__Your task__
Exclude the images and repeat all remaining entries exactly.

__Exercise input__
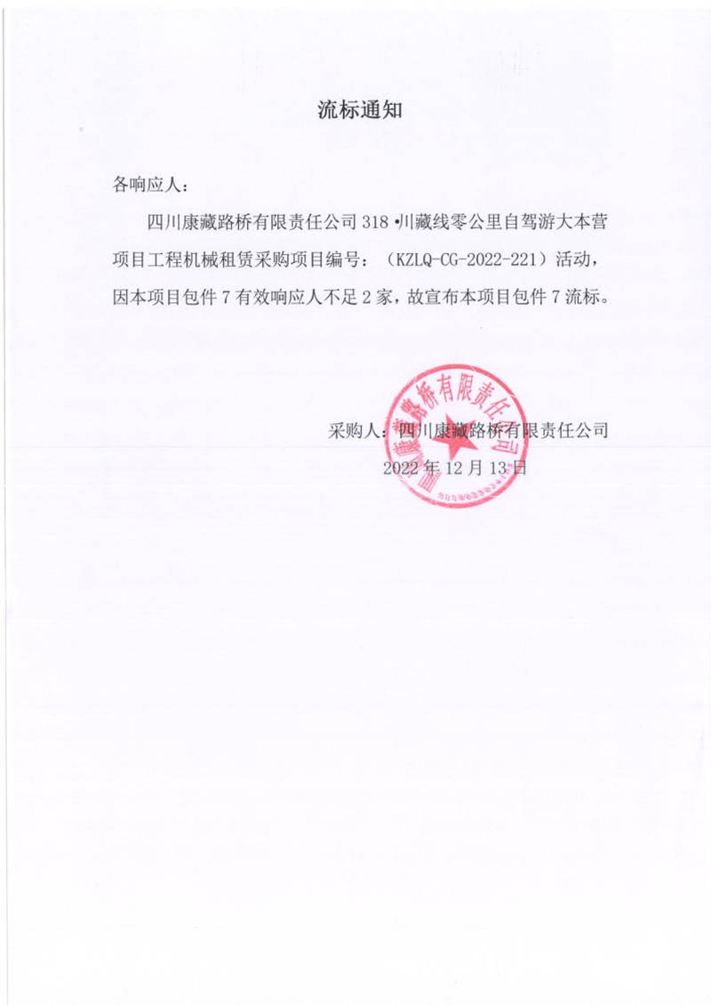 四川康藏路橋有限責(zé)任公司318.川藏線(xiàn)零公里自駕游大本營(yíng)項(xiàng)目工程機(jī)械租賃采購(gòu)(包件7)流標(biāo)通知
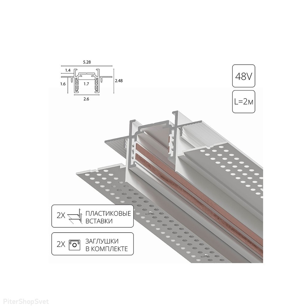 | Характеристики |  | | Общие: | | | Тип системы: | Низковольтная магнитная | | Рабочее напряжение: | 48В | | Монтаж: | Встраиваемый (ГКЛ 12.5мм) | | Класс пылевлагозащиты: | IP20?Подробнее Влагозащита отсутствует |
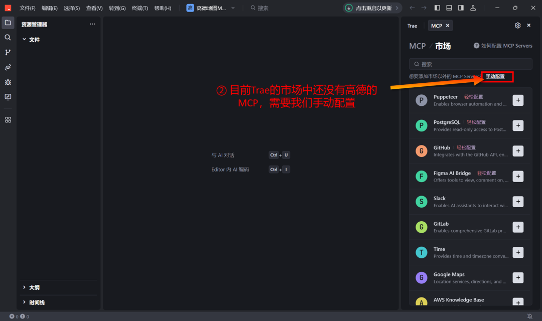 1.打开 Trae 新建一个文件夹后,点击“设置”-“MCP”-“手动配置”:
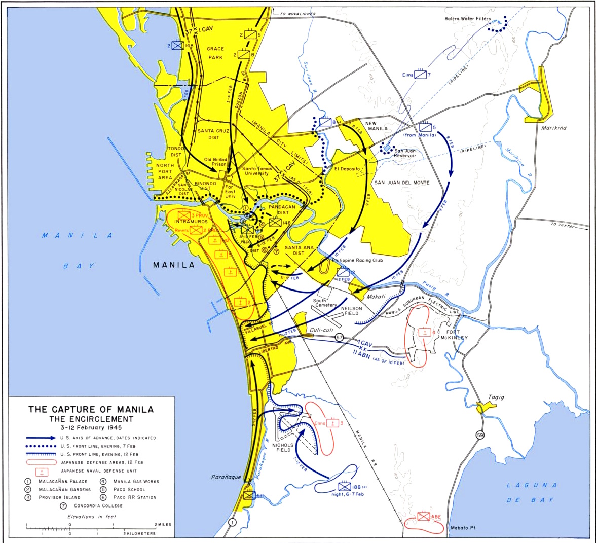 In summary, I think that it can be said that the division had accomplished its mission thus far by crossing the Pasig River and seizing a major portion of the heart of Manila south of the River in preparation for the launching of the attack against the “Walled City (Intramuros). The capture of this last enemy stronghold would definitely mean the end of the Battle of Manila. To date, the division had accounted for approximately 13.000 enemy killed and 459 enemy prisoners.
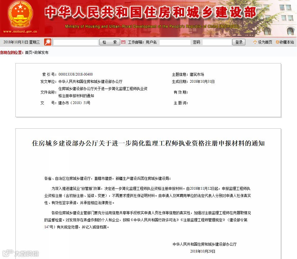 为深入推进建筑业“放管服”改革,决定进一步简化监理工程师执业资格注册申报材料。 自2018年11月12日起,申报监理工程师执业资格注册(含初始注册、延续、变更),不再要求提供社保证明材料。由申请人及其聘用单位的法定代表人分别对申请人社保真实性、有效性签字承诺,并承担相应法律责任。
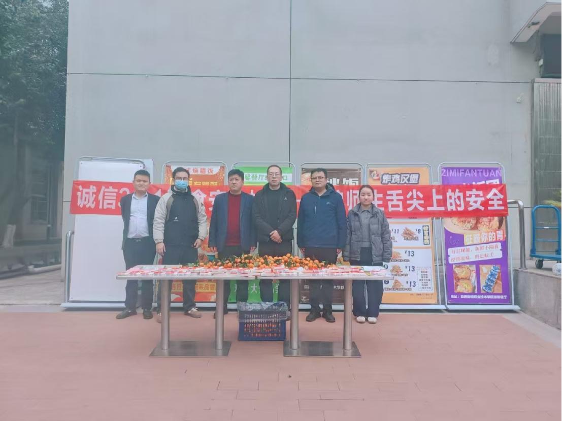 为进一步强化校园食品安全管理,普及食品安全知识,切实守护广大师生身体健康与饮食安全,3月19日中午,我校清馨食堂举办食品安全主题活动。总务处处长达航行、膳食科科长吴楠,膳食科工作人员及西安汕鸿餐饮管理有限公司相关工作人员共同参加本次活动。
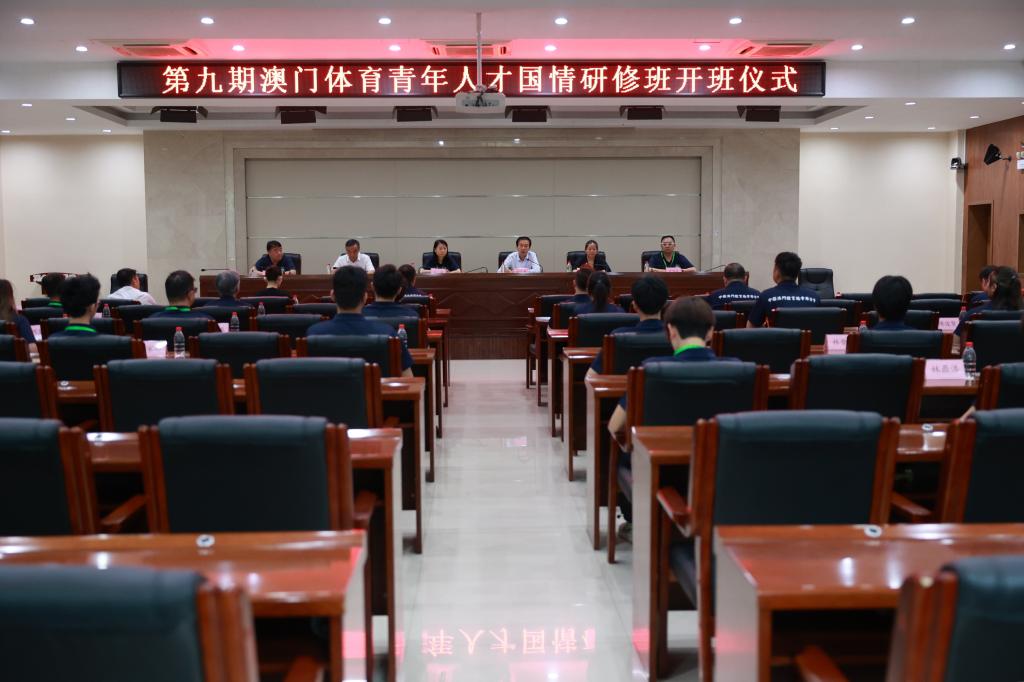 本网讯 7月19日,第九期澳门体育青年人才国情研修班开班仪式在我校举行。省委港澳办二级巡视员姬文魁,省体育局二级巡视员苏晓刚,研修班顾问、澳门中联办宣文部副部长白冰,研修班班长老杰龙及澳门中联办、澳门体育总会联合会相关人员、研修班全体学员参加开班仪式。我校副校长谢英出席并主持仪式。

__Result__
 四川康藏路橋有限責(zé)任公司318.川藏線(xiàn)零公里自駕游大本營(yíng)項(xiàng)目工程機(jī)械租賃采購(gòu)(包件7)流標(biāo)通知
 | Характеристики |  | | Общие: | | | Тип системы: | Низковольтная магнитная | | Рабочее напряжение: | 48В | | Монтаж: | Встраиваемый (ГКЛ 12.5мм) | | Класс пылевлагозащиты: | IP20?Подробнее Влагозащита отсутствует |
 1.打开 Trae 新建一个文件夹后,点击“设置”-“MCP”-“手动配置”:
 In summary, I think that it can be said that the division had accomplished its mission thus far by crossing the Pasig River and seizing a major portion of the heart of Manila south of the River in preparation for the launching of the attack against the “Walled City (Intramuros). The capture of this last enemy stronghold would definitely mean the end of the Battle of Manila. To date, the division had accounted for approximately 13.000 enemy killed and 459 enemy prisoners.
 为深入推进建筑业“放管服”改革,决定进一步简化监理工程师执业资格注册申报材料。 自2018年11月12日起,申报监理工程师执业资格注册(含初始注册、延续、变更),不再要求提供社保证明材料。由申请人及其聘用单位的法定代表人分别对申请人社保真实性、有效性签字承诺,并承担相应法律责任。
 为进一步强化校园食品安全管理,普及食品安全知识,切实守护广大师生身体健康与饮食安全,3月19日中午,我校清馨食堂举办食品安全主题活动。总务处处长达航行、膳食科科长吴楠,膳食科工作人员及西安汕鸿餐饮管理有限公司相关工作人员共同参加本次活动。
 本网讯 7月19日,第九期澳门体育青年人才国情研修班开班仪式在我校举行。省委港澳办二级巡视员姬文魁,省体育局二级巡视员苏晓刚,研修班顾问、澳门中联办宣文部副部长白冰,研修班班长老杰龙及澳门中联办、澳门体育总会联合会相关人员、研修班全体学员参加开班仪式。我校副校长谢英出席并主持仪式。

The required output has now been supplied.